Como el presidente en menos de veinticinco segundos contó e hizo suma de las personas que solicitaron la oreja y las que no, determina que no hay que premiar. Bravo Trinidad, es Usted un impresionante capturista y claro una nulidad taurina –absoluta además. Vergüenza. La muina de Flores no era para el público. Siempre hay una manera de hacer valer la protesta, no con el puchero sino con la sonrisa. Faltó esquina. “La mala leche pa´l toro” o para el Presidente. Nunca para la gente.

El segundo, ofensivo, negro, alto, violento, también como el primero derriba al piquero. Flores tapa su capote que ha dejado ver en un quite arriesgado por delantales al cuarto que trae la cabeza en las nubes. Se dobla perfecto y otra vez la muleta a la derecha apenas retrasada pues el viaje del toro es corto. Dos excelentes tandas antes de buscar cambiarse a la izquierda en un remate que el cabeceante novillo protesta y marca que el lado izquierdo es inexpugnable.

A Flores no le ha importado. Muleta a la zurda, pata adelante y a fuerzas hace que el novillo pase con un mérito tremendo pues siempre está encima de él incluso en muletazos de trinchera y los ayudados por alto finales. Pinchazo honrado arriba que antecede a una estocada entera. El toro dilata la muerte y algunos caen en la trampa del aplauso. Bueno habría sido se acordase de la casta en la faena no en la postrimería. Ovación cerrada y fuerte en el tercio que aquí hay un torero en cierne, apenas forjándose y placearle es debido. De entrada, pronto será en La Maestranza.

López Simón tiene oficio y se nota su paso académico. Y también sus ganas. Compite en quites y se va dos veces a los medios y de rodillas pero con ese lote hay poco que hacer. El primero por soso y noblón con el que se templa pero la gente se contagia por tanta bobaliconería no obstante la atinada estocada. El sexto engañó al principio y fue fiel a su condición de manso, solo quedó despacharlo como ha atinado.

Algunos novillos prometían y se iban a menos. No remataban. Quizá determinaron que también, como los novilleros, son un producto sin terminar, sin acabar. Lo cierto es que cuando el novillo queda corto y se pone a la contra hay que echar para delante y poner lo que falta de rodaje o reposo con entera afición.
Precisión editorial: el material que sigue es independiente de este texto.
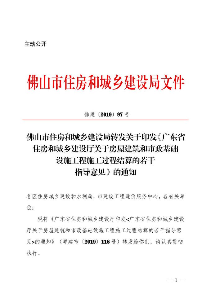 佛山市住房和城鄉建設局轉發關于印發《廣東省住房和城鄉建設廳關于房屋建筑和市政基礎設施工程施工過程結算的若干指導意見》的通知

Ayer lo hicieron los tres espadas, principalmente “el mejicano” que tiene un nombre, Sergio Flores, quien camina decidido a sacar de Madrid loores y honores. Que tan justo es, como también debido. Ojalá así sea.

Twitter: @CaballoNegroII.

RESUMEN DEL FESTEJO.

Madrid. Plaza de Las Ventas. 23 de mayo San Isidro 2011. Decimocuarta de feria. Calor. Más de tres cuartos de entrada. Seis novillos de Montealto variopintos con cuajo de toros tres. Thomas Dufau (Marino y oro): Gran ovación y ovación. Sergio Flores (Purísima y oro) Gran ovación tras saludos con petición y saludos –Negó dar la vuelta tras la muerte del primero. Alberto López Simón (Rosa pálido y oro) Leves palmas y silencio.

3 Comentarios »

  1. bravo por esa cronica aca no lidean 2 extranjeros y un mexicano por disposicion del gobierno pero el toro y los verdaderos aficionados es loque menos nos interesa

    • Gracias Manuel.

      La realidad es que en pleno Siglo XXI la regulación en México toma un sentido aún peor que la actitud española de 1936. Nos quejamos mucho del estigma histórico de «El Boicot del Miedo» y actuamos aún peor.

      Increíble, la Ley de Espectáculos, la autoridad y la Asociación de Matadores vive muerta de miedo porque un cartel con la calidad de este se de en la Plaza México. Sigue representando una vergüenza taurina mexicana.